▽
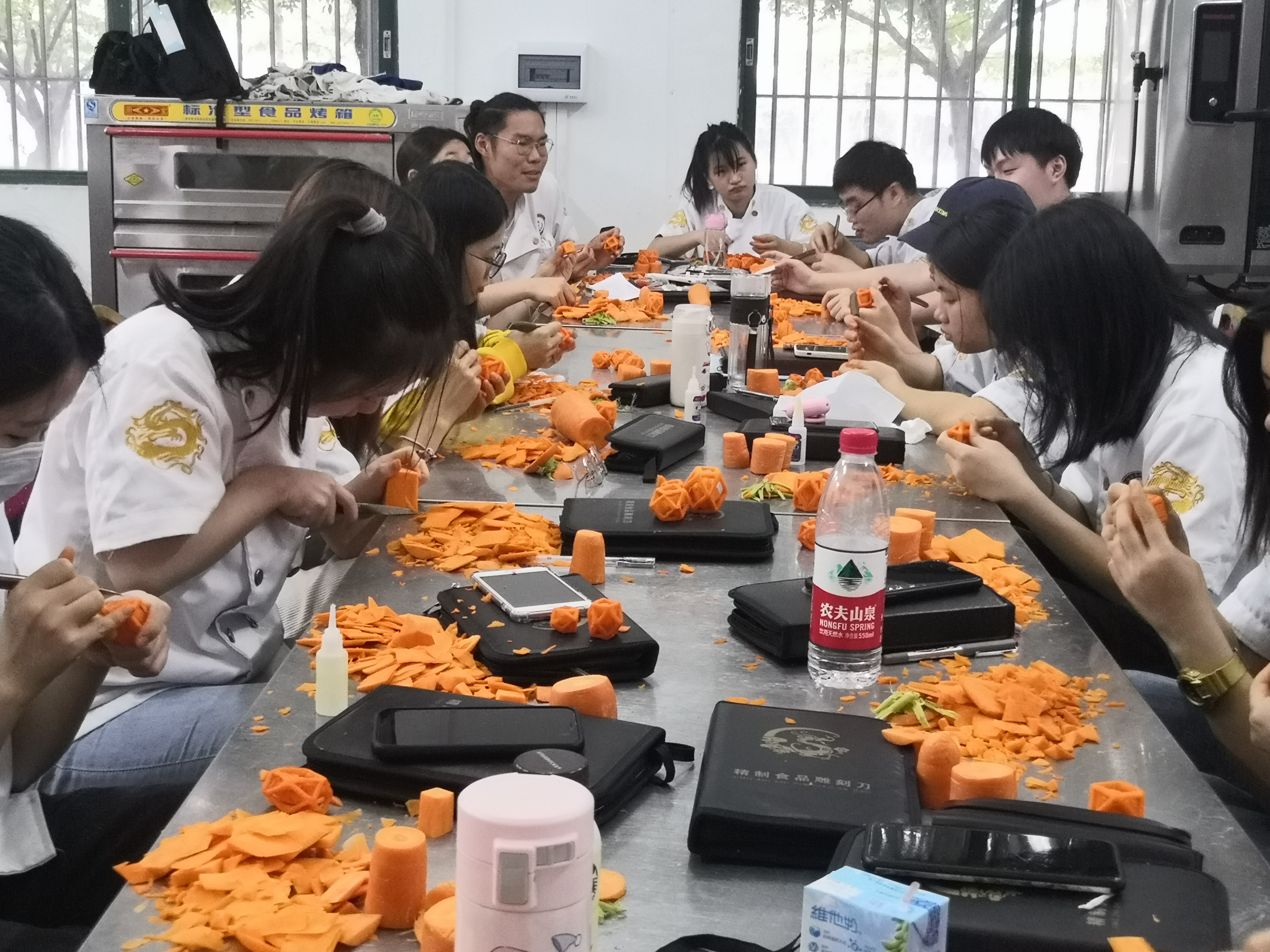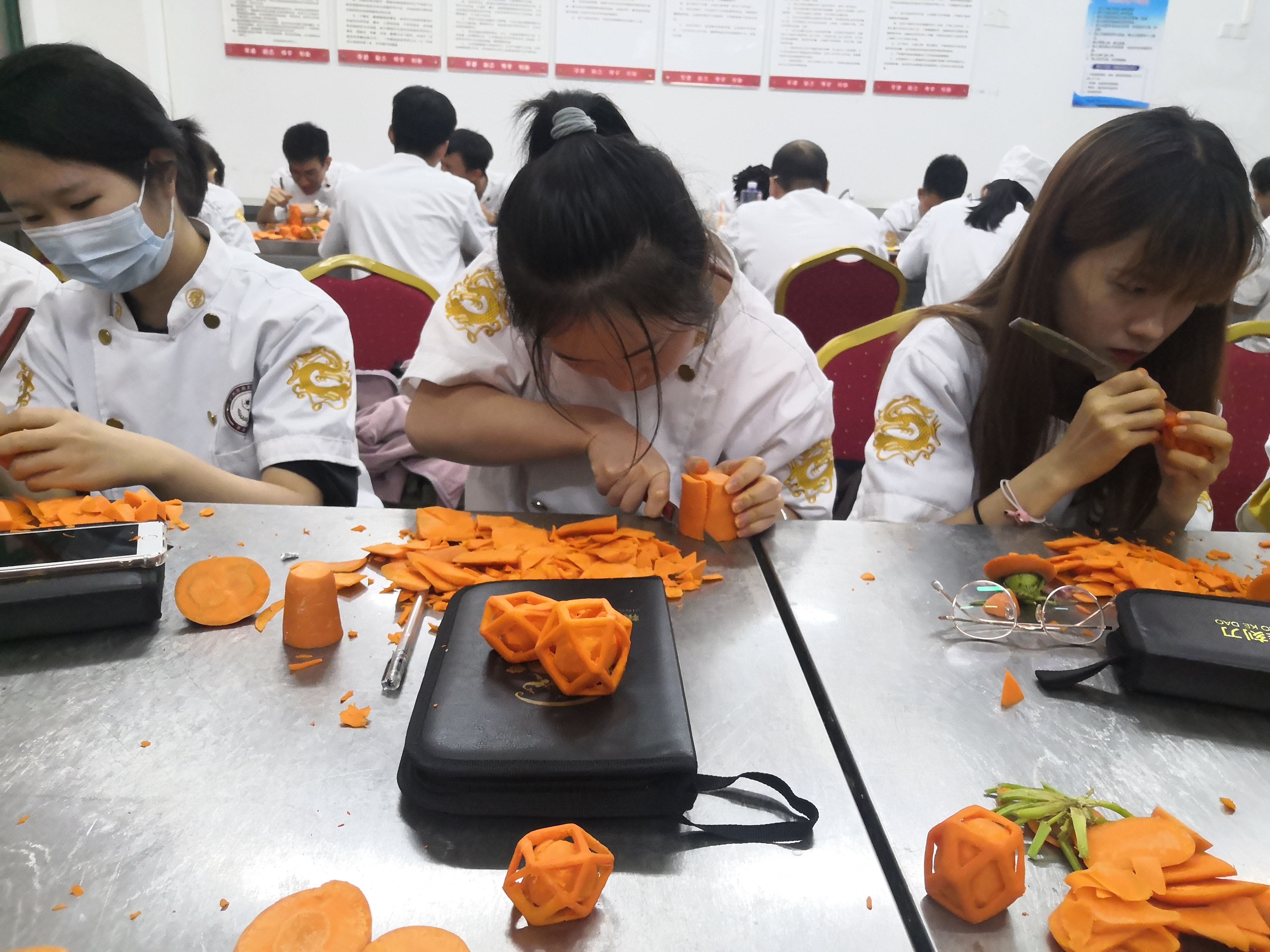 今天带大家走进酒店管理学院实训课堂,同学们正在全神贯注地进行食品雕刻训练。同学们手上制作的是“玲珑球”,玲珑球的寓意是事业通顺、财源滚滚,给主人带来好运道。
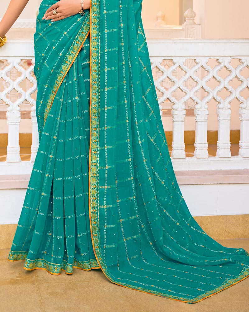 Vishal Prints Persian Green Designer Fancy Checks Chiffon Saree With Diamond Work And Embroidery Border
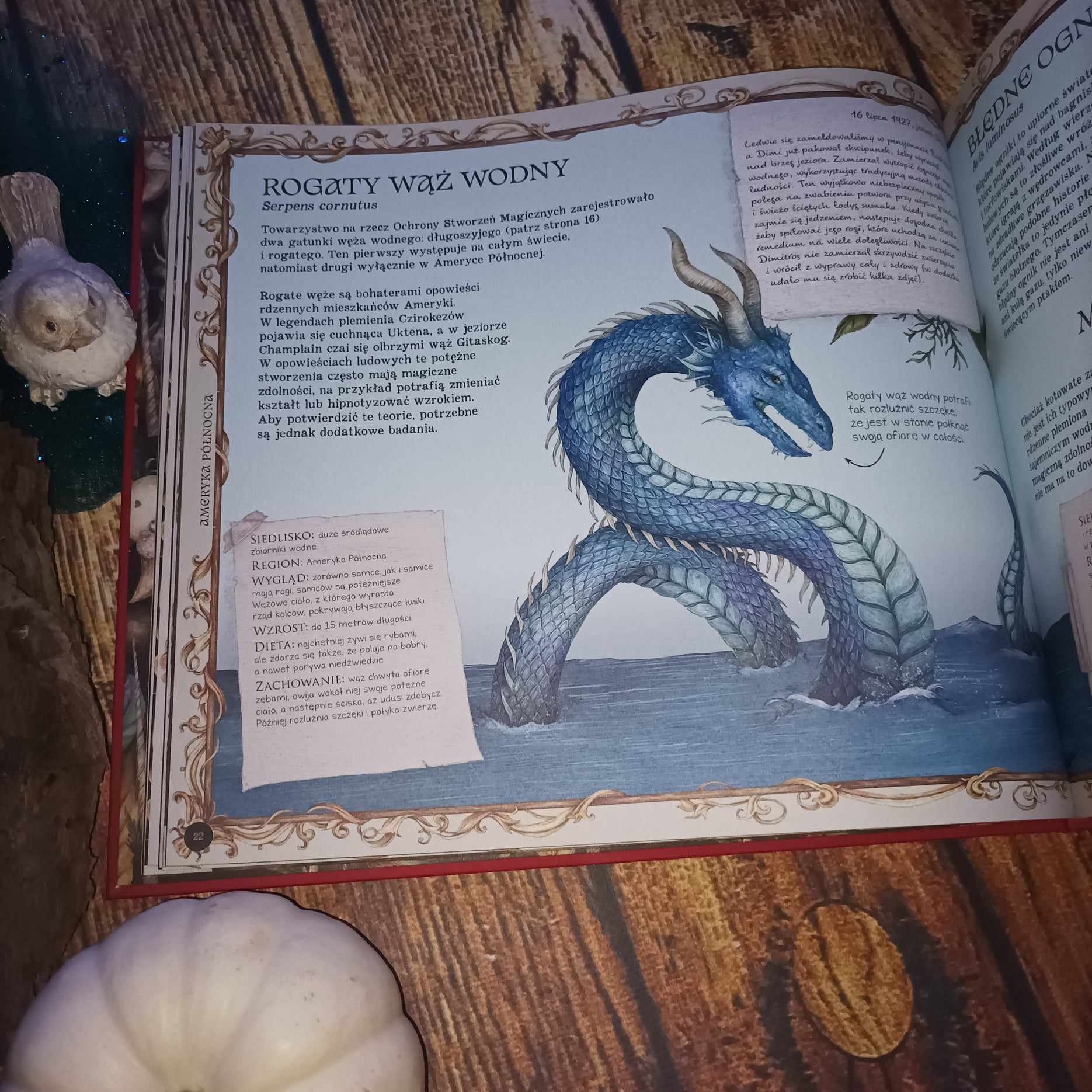 Wydanie tej książki jest naprawdę rewelacyjne i chociaż skierowane do dziecięcego grona czytelników, to jestem idealnym przykładem, że i niejeden dorosły będzie równie mocno zachwycony. W tej publikacji wszystko jest na plus, forma przekazu, zawarte informacje, szata graficzna i fakt, że w jednym miejscu zebrano tyle magicznych istot. Historia naturalna stworzeń magicznych pokazuje, jak dużo jest fantastycznych zwierząt i nawet ci zafascynowani tym tematem mogą być zaskoczeni nowymi gatunkami. Ja byłam! Nie sądziłam, że mam do odkrycia jeszcze tak dużo magicznych zwierząt i już zacieram ręce na myśl o poszukiwaniu informacji o nich. Nawet jeśli tylko są wymyślone na potrzeby legend.
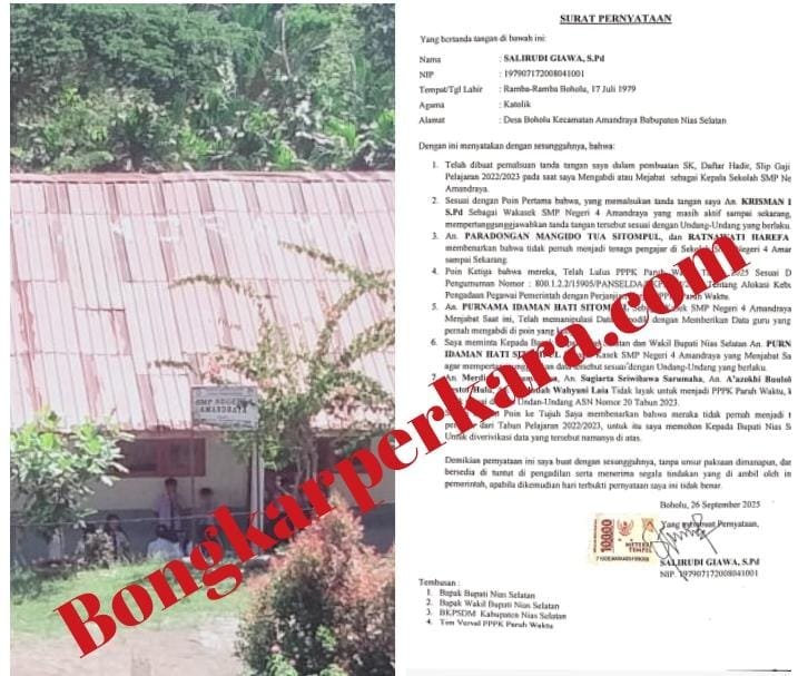 15 Oktober 2025 – Dunia pendidikan di Kabupaten Nias Selatan tengah diguncang isu serius setelah mantan Kepala Sekolah SMP Negeri 4 Amandraya, Salirudi Giawa, S.Pd, mengungkap dugaan pemalsuan tanda tangan, manipulasi data Dapodik, serta pengangkatan tenaga honorer yang tidak sah dalam proses seleksi PPPK Paruh Waktu Tahun 2025. Pengakuan mengejutkan itu disampaikan Salirudi melalui sebuah Surat Pernyataan resmi di atas materai yang ditandatangani pada tanggal 26 September 2025.
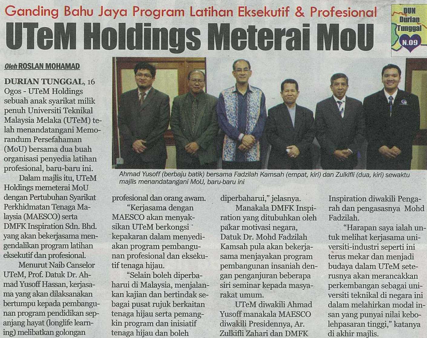 Ganding Bahu Jaya Program Latihan Eksekutif & Profesional UTeM Holdings Meterai MoU
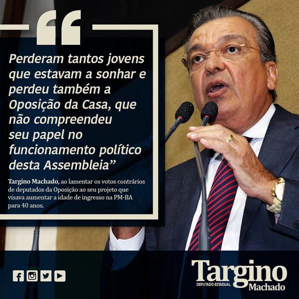 Durante discurso na Assembleia Legislativa da Bahia, o deputado estadual Targino Machado (PPS), disse que na Bahia, só quem tem tranquilidade e paz, são os que moram no Palácio de Ondina.
△
The data is to be restated word for word, with any pictures set aside.

 今天带大家走进酒店管理学院实训课堂,同学们正在全神贯注地进行食品雕刻训练。同学们手上制作的是“玲珑球”,玲珑球的寓意是事业通顺、财源滚滚,给主人带来好运道。
 Vishal Prints Persian Green Designer Fancy Checks Chiffon Saree With Diamond Work And Embroidery Border
 Wydanie tej książki jest naprawdę rewelacyjne i chociaż skierowane do dziecięcego grona czytelników, to jestem idealnym przykładem, że i niejeden dorosły będzie równie mocno zachwycony. W tej publikacji wszystko jest na plus, forma przekazu, zawarte informacje, szata graficzna i fakt, że w jednym miejscu zebrano tyle magicznych istot. Historia naturalna stworzeń magicznych pokazuje, jak dużo jest fantastycznych zwierząt i nawet ci zafascynowani tym tematem mogą być zaskoczeni nowymi gatunkami. Ja byłam! Nie sądziłam, że mam do odkrycia jeszcze tak dużo magicznych zwierząt i już zacieram ręce na myśl o poszukiwaniu informacji o nich. Nawet jeśli tylko są wymyślone na potrzeby legend.
 15 Oktober 2025 – Dunia pendidikan di Kabupaten Nias Selatan tengah diguncang isu serius setelah mantan Kepala Sekolah SMP Negeri 4 Amandraya, Salirudi Giawa, S.Pd, mengungkap dugaan pemalsuan tanda tangan, manipulasi data Dapodik, serta pengangkatan tenaga honorer yang tidak sah dalam proses seleksi PPPK Paruh Waktu Tahun 2025. Pengakuan mengejutkan itu disampaikan Salirudi melalui sebuah Surat Pernyataan resmi di atas materai yang ditandatangani pada tanggal 26 September 2025.
 Ganding Bahu Jaya Program Latihan Eksekutif & Profesional UTeM Holdings Meterai MoU
 Durante discurso na Assembleia Legislativa da Bahia, o deputado estadual Targino Machado (PPS), disse que na Bahia, só quem tem tranquilidade e paz, são os que moram no Palácio de Ondina.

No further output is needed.